What’s wrong with the above approach? Well in an ideal world it is OK, but we have to remember that semi-custom tools/users don’t like to have the clock in the data path. This requirement is justified and can cause a lot of headaches later when doing the clock tree synthesis and when analyzing the timing reports. It is a good idea to avoid such constructions unless they are absolutely necessary. This recommendation applies also for the reset net – try not combining the reset net into your logic clouds.

Here is a cool circuit that can help solve this problem:

I will not take the pleasure from you of drawing the timing diagrams yourself 🙂 and realizing how and why this circuit works, let me just say that IMHO this is a darn cool circuit!

Searching the web a bit I came across a paper which describes practically the same idea by Ralf Hildebrandt. He names it a “Pseudo Dual-Edge Flip Flop”, you can find his short (but more detailed) description, including a VHDL code, here.

## Low Power – Clock Gating Is Not The End Of It…

June 12, 2007

A good friend of mine, who works for one of the micro-electronics giants, told me how low power is the buzz word today. They care less about speed/frequency and more about minimizing power consumption.

He exposed me to a technique in logic design I was not familiar with. It is basically described in this paper. Let me just give you the basic idea.

The main observation is that even when not active, logic gates have different leakage current values depending on their inputs. The example given in the article shows that a NAND gate can have its leakage current reduced by almost a factor of 2.5 depending on the inputs!
How is this applied in reality? Assume that a certain part of the design is clock gated, this means all flip-flops are inactive and in turn the logic clouds between them. By “muxing” a different value at the output of the flop, which is logic dependent, we could minimize the leakage through the logic clouds. When waking up, we return to the old stored value.

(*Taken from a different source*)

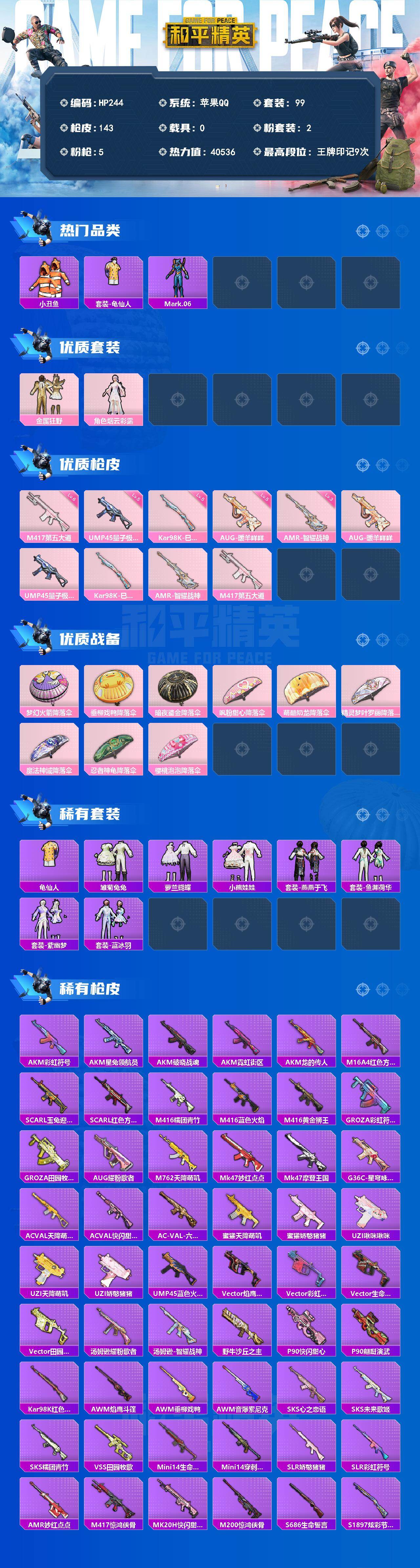 【秒换绑】苹果 手Q-2粉装-5特效枪-0载具-0粉色飞行器-40536热力值-9王牌印记-99套装-143枪皮

The article, which is not a recent work by the way, describes a neat and cheap way of implementing a storage element with a “sleep mode” output of either logic “1” or logic “0”. Notice that the “non-sleep mode” or normal operation value is still kept in the storage element. The cool thing is, that this need not really be a true MUX in the output of the flop – after finalizing the design an off-line application analyzes the logic clouds between the storage elements and determines what values are needed to be forced during sleep mode at the output of each flop. Then, the proper flavor of the storage element is instantiated in place (either a “sleep mode” logic “0” or a “sleep mode” logic “1”).

It turns out that the main problem is the analysis of the logic clouds and that the complexity of this problem is rather high. There is also some routing overhead for the “sleep mode” lines and of course a minor area overhead.
I am interested to know how those trade-offs are handled. As usual, emails and comments are welcome.

Bottom line – this is a way cool technique!!!